Hey Patrick, I like your answer but it's would work properly only with English characters (const cmp = (a, b) => -(a < b) || +(a > b);) Think of ["ä", "a", "c", "b"].sort(cmp) => ["a", "b", "c", "ä"], where ä is pushed to the end. Instead you should probably update the comparison function to: const cmp = (a, b) => a.localeCompare(b); => ["a", "ä", "b", "c"] Cheers and thanks for the answer ;-) - anyone
@rjanjic thanks for the feedback. I'm aware that it sorts based on the code point of the character in unicode. However changing it to use localeCompare removes the ability to sort numbers, and is also significantly slower. - anyone

Instead of using a custom comparison function, you could also create an object type with custom toString() method (which is invoked by the default comparison function):

function Person(firstName, lastName) {
    this.firtName = firstName;
    this.lastName = lastName;
}

Person.prototype.toString = function() {
    return this.lastName + ', ' + this.firstName;
}

var persons = [ new Person('Lazslo', 'Jamf'), ...]
persons.sort();

Answered 2023-09-20 20:13:14

anyone

There are many good answers here, but I would like to point out that they can be extended very simply to achieve a lot more complex sorting. The only thing you have to do is to use the OR operator to chain comparison functions like this:

objs.sort((a,b)=> fn1(a,b) || fn2(a,b) || fn3(a,b) )

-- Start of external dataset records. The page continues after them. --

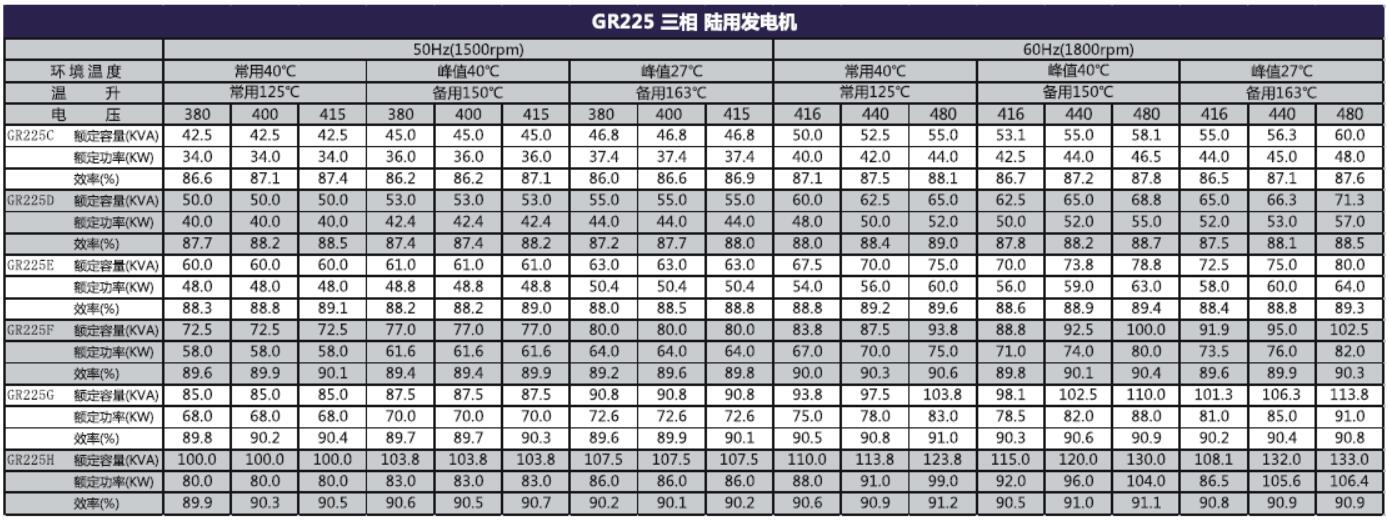 GR225 三相陆用发电机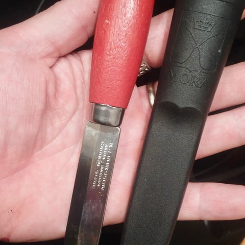 Puukko on terässä mutta kärki hieman katkennut. Hiomalla kuntoon ja keräilyihin talteen. Toimii myös hyvin aktiivikäytössä. Uusi vastaava uudella tupella ja kahvalla n. 30€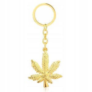 Złoty breloczek do kluczy trawka liść marihuany na skręta na wyluzowanie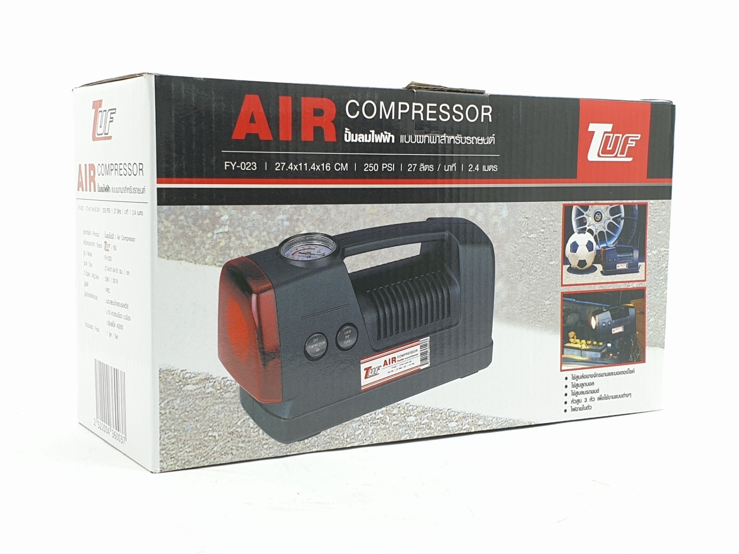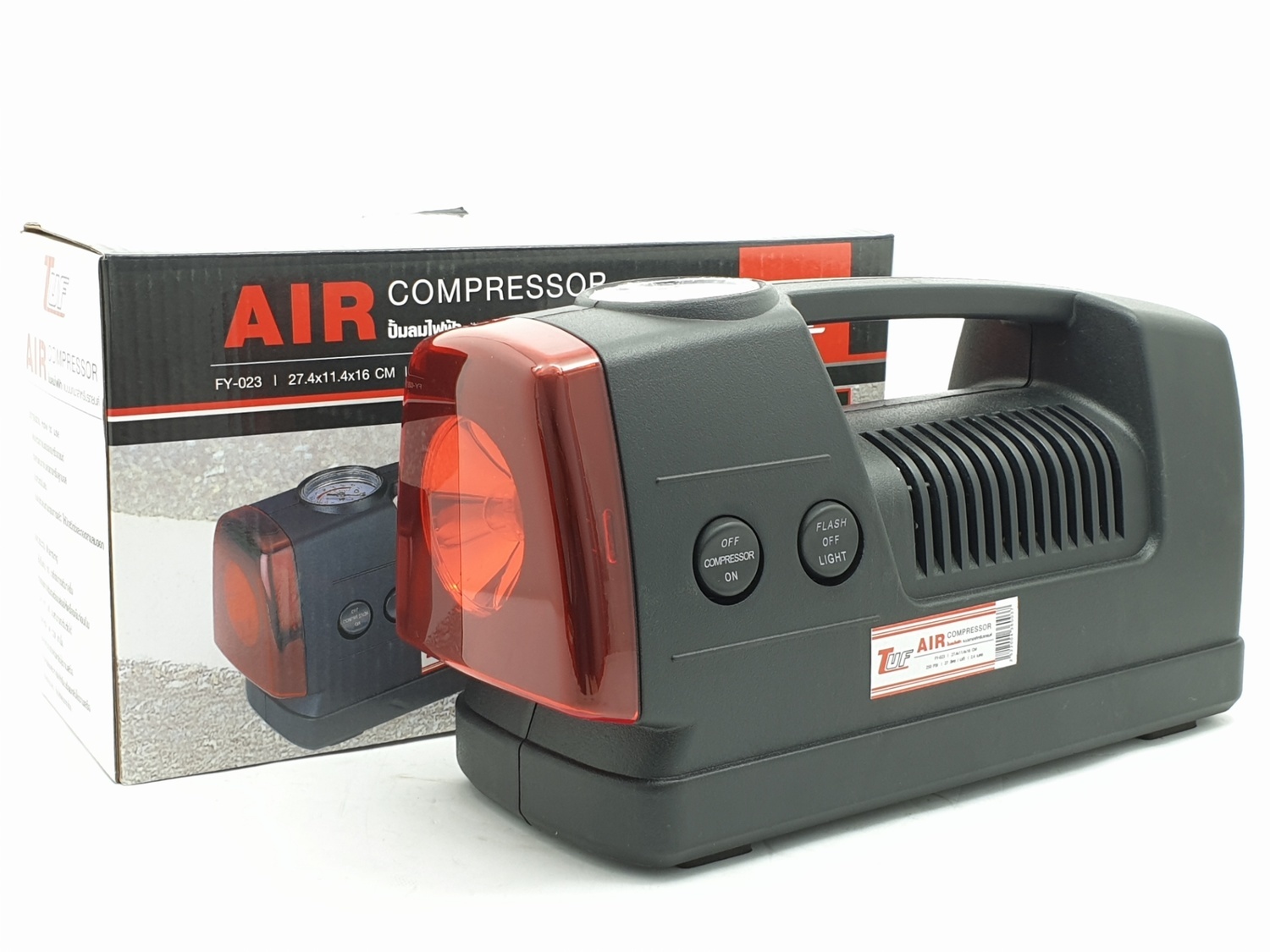 ใช้เติมลมรถยนต์ได้ทุกรุ่น/จักรยานยนต์และอุปกรณ์กีฬาลูกฟุตบอลพร้อมไฟฉายในตัว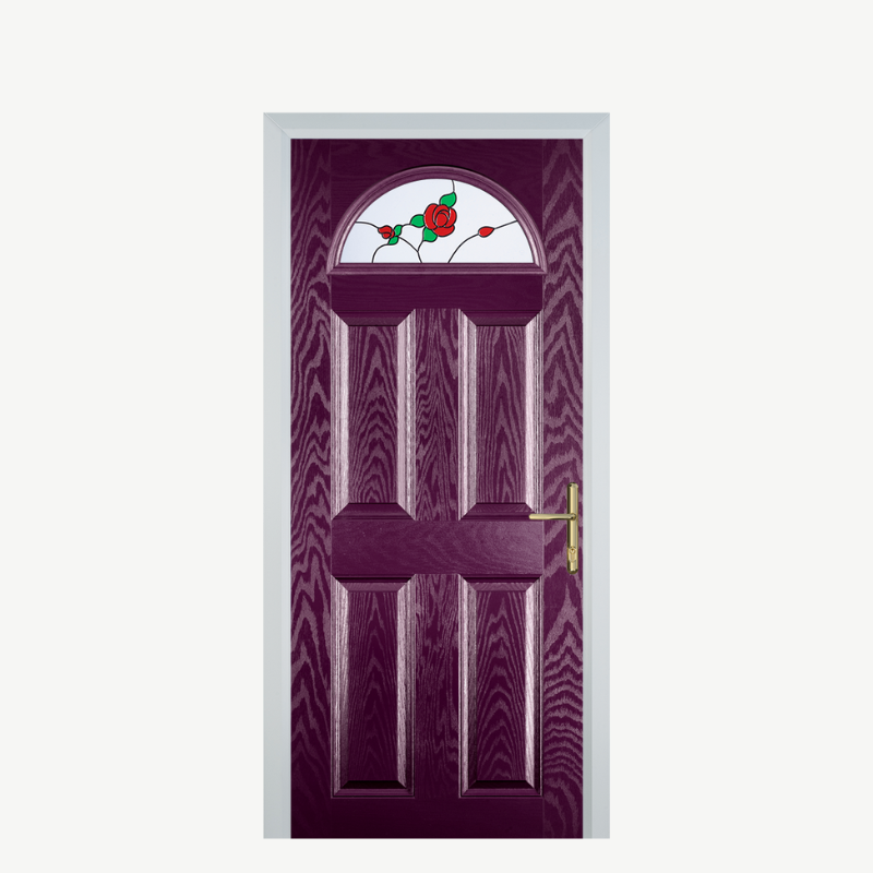 Introducing the Door D 4 Panel 1 Arch in a stunning Purple Violet English Rose finish. This exquisite composite front door is designed to enhance your home’s entrance with a blend of elegance and durability. Perfect for homeowners looking to make a statement, this door combines aesthetic appeal with practical functionality.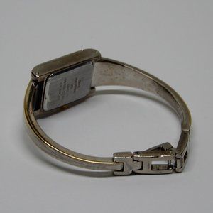 Feminine Anne Klein wristwatch in silver and gold tone with genuine diamond. Very delicate and elegant looking. Includes original box and lifetime warranty. Exterior of the box has a small stain (see pic).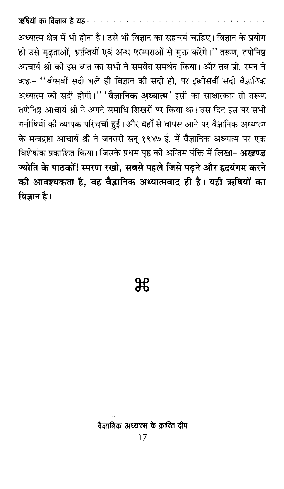 वैज्ञानिक अध्यात्म के क्रान्ति दीप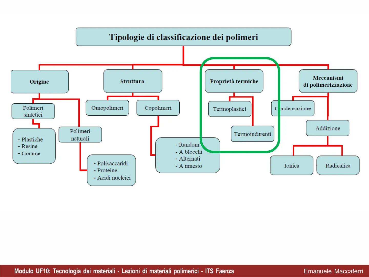 Modulo UF10: Tecnologia dei materiali - Lezioni di materiali polimerici - ITS Faenza Emanuele MaccaferriTipologie di classificazione dei polimeri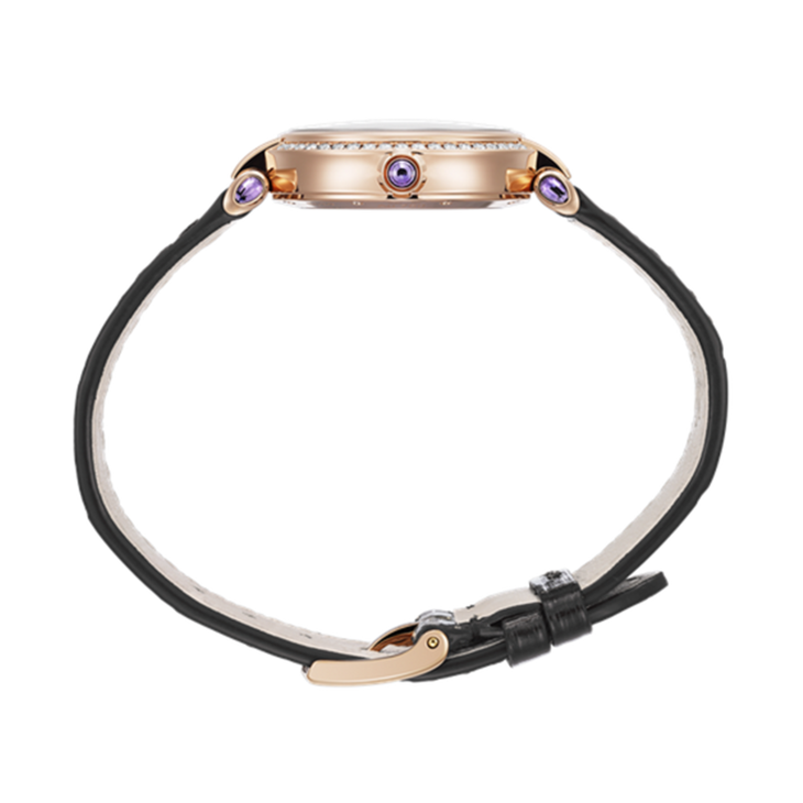 镜面材质 | 蓝宝石水晶玻璃 | 表盘 | 18K玫瑰金镶钻表壳 镶钻表圈 银色与珍珠母贝表盘 罗马数字及条形时标 背透,透明蓝宝石水晶 |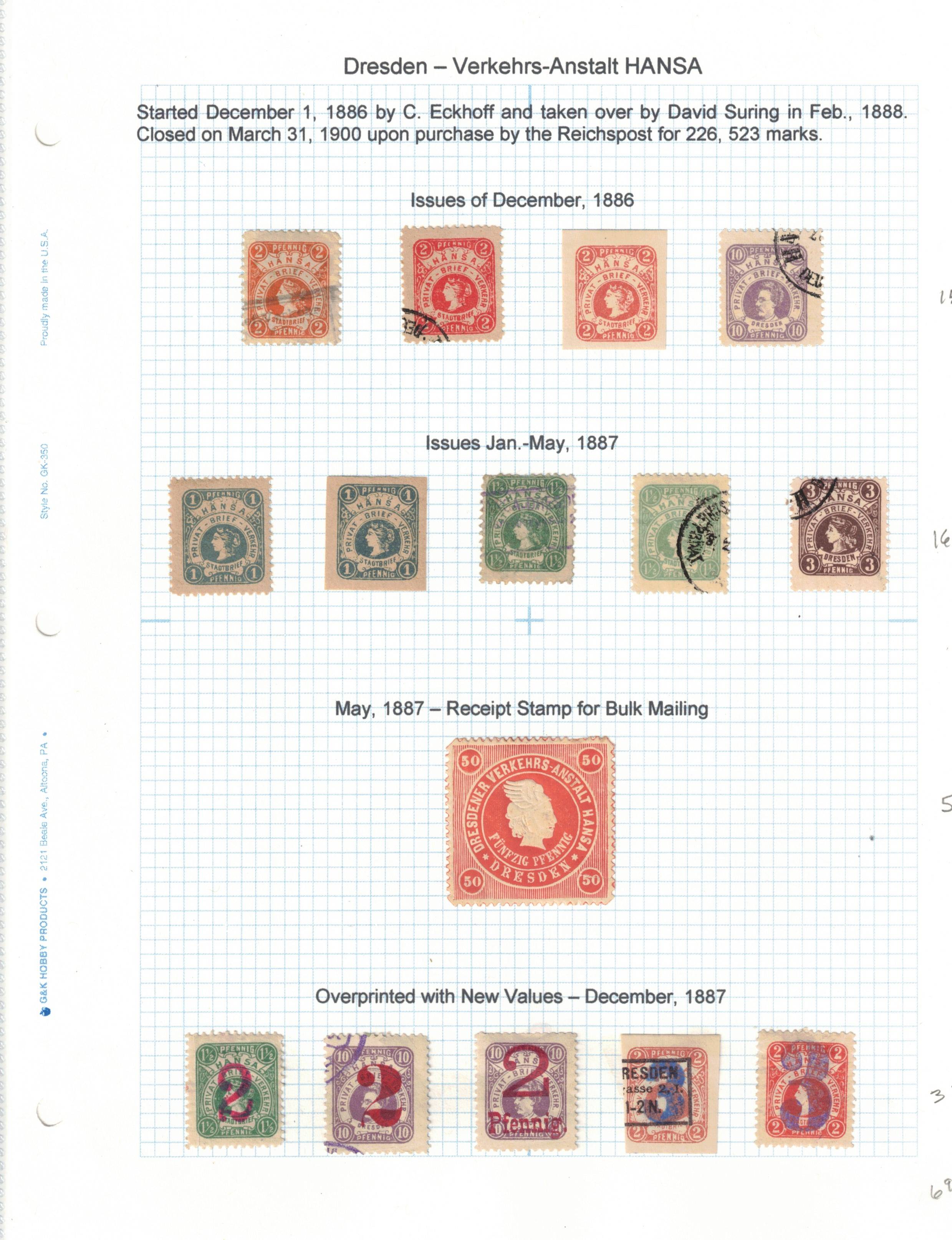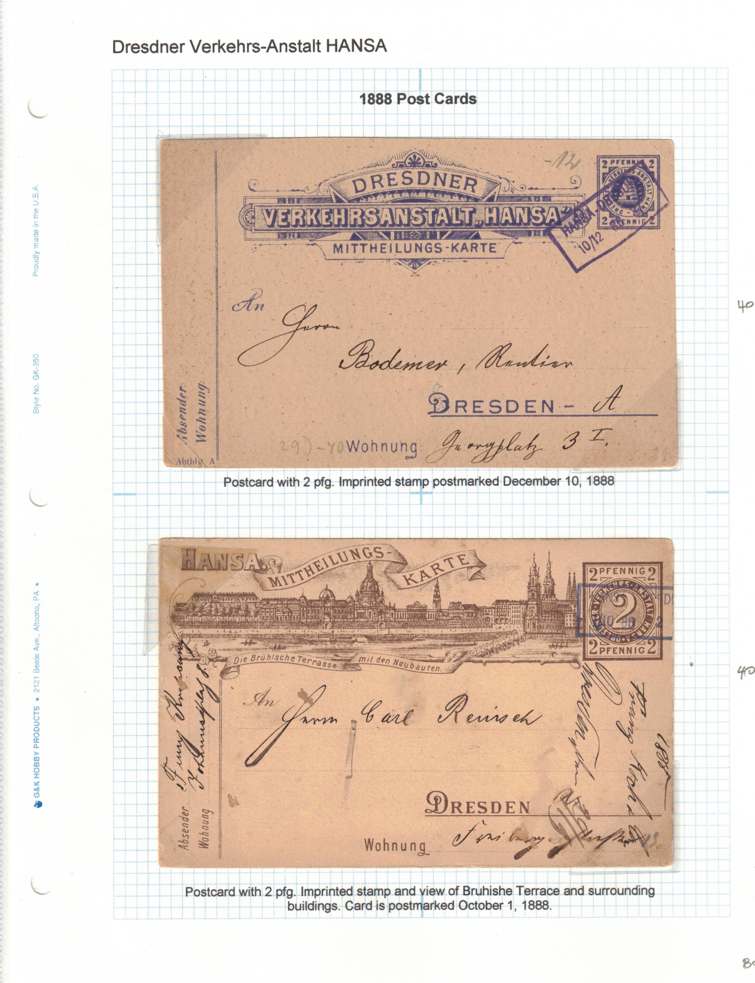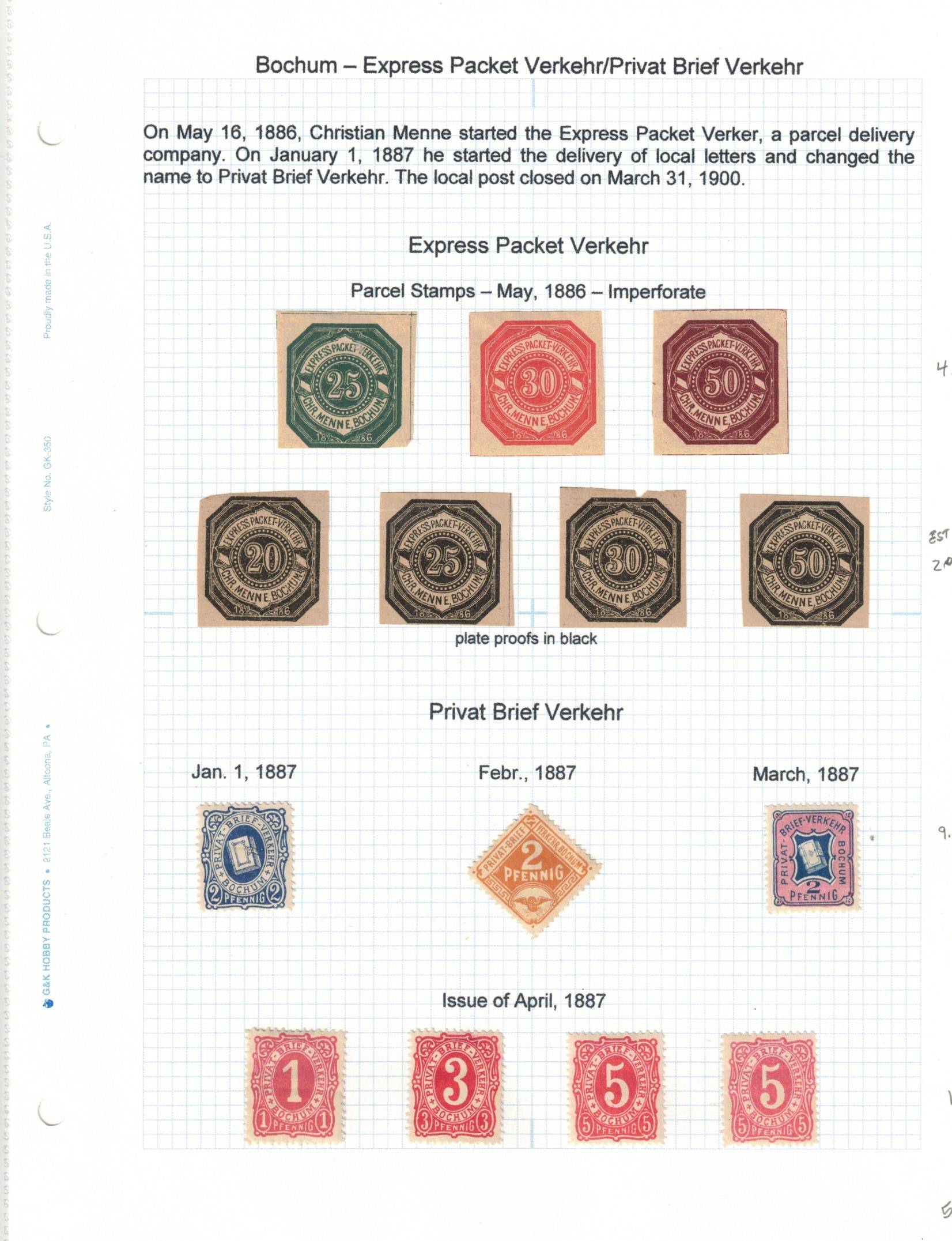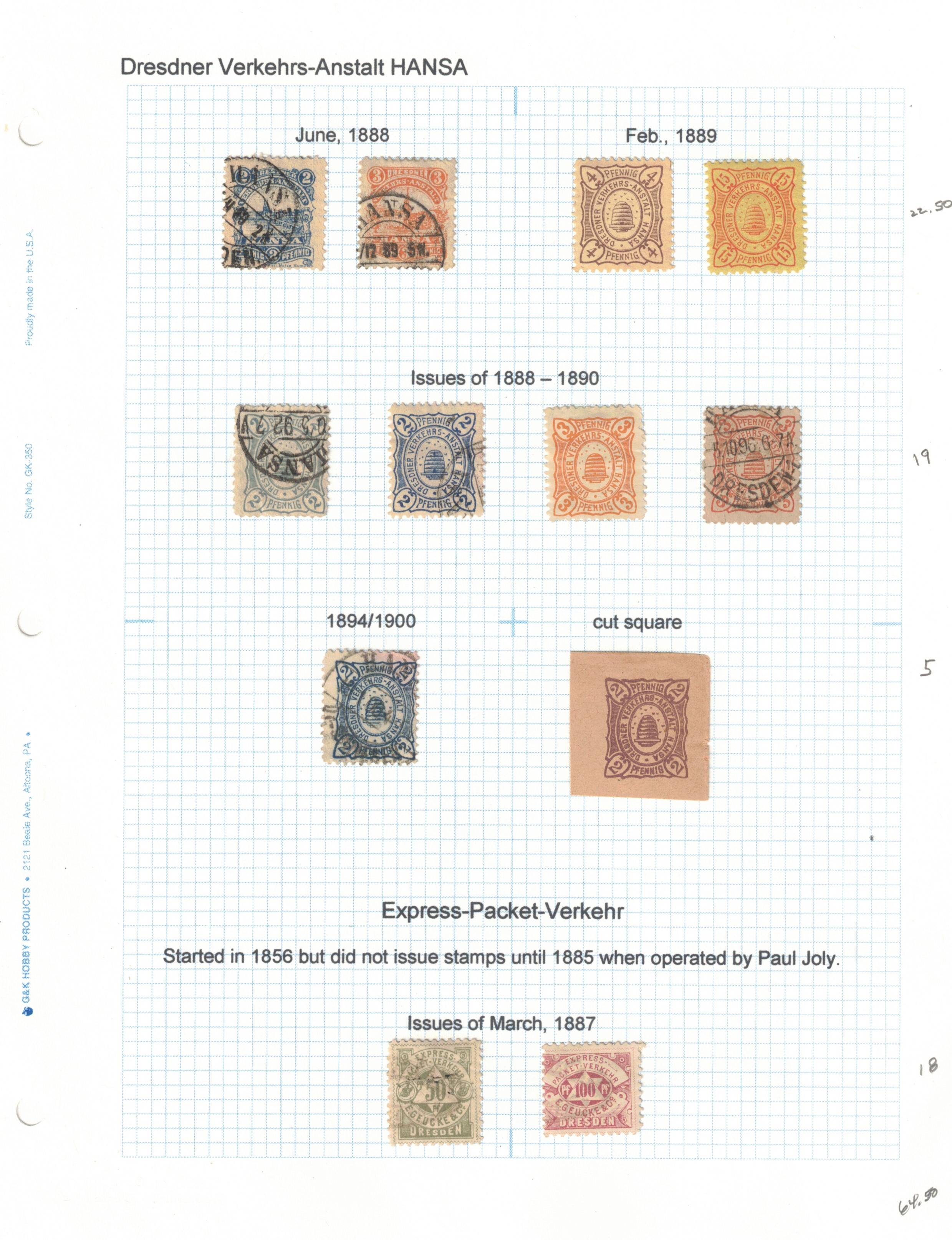 Bergedorf, Bochum, and Dresden Locals Stamp Collection, 1860-90's - 3 different local post collection of over 100 stamps, some cut squares, and 10 postal stationery pieces. Most of the value is Dresden, then Bochum, and lastly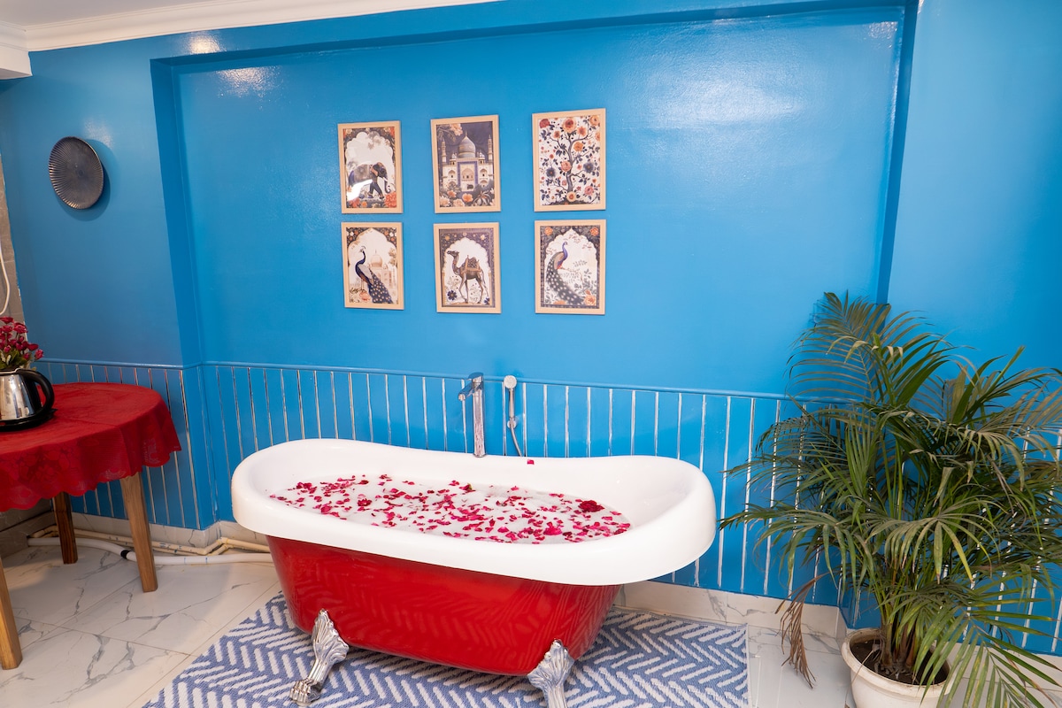 緑豊かな樹冠を通ってそよ風が吹き込み、夜明けには鳥のさえずりが聞こえ、夕日は輝く...デリーの象徴的なロータステンプルとISKCONを見渡す静かな景色を想像してみてください! 南デリーの静かなエリアにある私たちの静かなオアシスは、考え抜かれたデザインの広々としたアパートで、芸術的で落ち着いた雰囲気を提供し、カップル、小家族、または長期滞在に最適です。創造性を解き放ちましょう!私たちの家は、穏やかなエネルギーとモダンな快適さを兼ね備えており、デリーでの時間を思い出に残るものにします。

Where fn1, fn2, ... are the sort functions which return [-1,0,1]. This results in "sorting by fn1" and "sorting by fn2" which is pretty much equal to ORDER BY in SQL.

This solution is based on the behaviour of || operator which evaluates to the first evaluated expression which can be converted to true.

The simplest form has only one inlined function like this:

// ORDER BY last_nom
objs.sort((a,b)=> a.last_nom.localeCompare(b.last_nom) )

Having two steps with last_nom,first_nom sort order would look like this:

// ORDER_BY last_nom, first_nom
objs.sort((a,b)=> a.last_nom.localeCompare(b.last_nom) ||
                  a.first_nom.localeCompare(b.first_nom)  )

A generic comparison function could be something like this:

// ORDER BY <n>
let cmp = (a,b,n)=>a[n].localeCompare(b[n])

This function could be extended to support numeric fields, case-sensitivity, arbitrary data types, etc.

You can use them by chaining them by sort priority:

// ORDER_BY last_nom, first_nom
objs.sort((a,b)=> cmp(a,b, "last_nom") || cmp(a,b, "first_nom") )
// ORDER_BY last_nom, first_nom DESC
objs.sort((a,b)=> cmp(a,b, "last_nom") || -cmp(a,b, "first_nom") )
// ORDER_BY last_nom DESC, first_nom DESC
objs.sort((a,b)=> -cmp(a,b, "last_nom") || -cmp(a,b, "first_nom") )

The point here is that pure JavaScript with functional approach can take you a long way without external libraries or complex code. It is also very effective, since no string parsing have to be done.

Answered 2023-09-20 20:13:14

anyone

Try this:

Up to ES5

// Ascending sort
items.sort(function (a, b) {
   return a.value - b.value;
});


// Descending sort
items.sort(function (a, b) {
   return b.value - a.value;
});

In ES6 and above

// Ascending sort
items.sort((a, b) => a.value - b.value);

// Descending sort
items.sort((a, b) => b.value - a.value);

Answered 2023-09-20 20:13:14

anyone

best and easy solution - anyone
Doesn't work for me, tried other solutions that does indeed work but this one doesn't. Attempted to sort by strings. - anyone
Does not correctly pass negative numbers - anyone

Use JavaScript `sort` method

The sort method can be modified to sort anything like an array of numbers, strings and even objects using a compare function.

A compare function is passed as an optional argument to the sort method.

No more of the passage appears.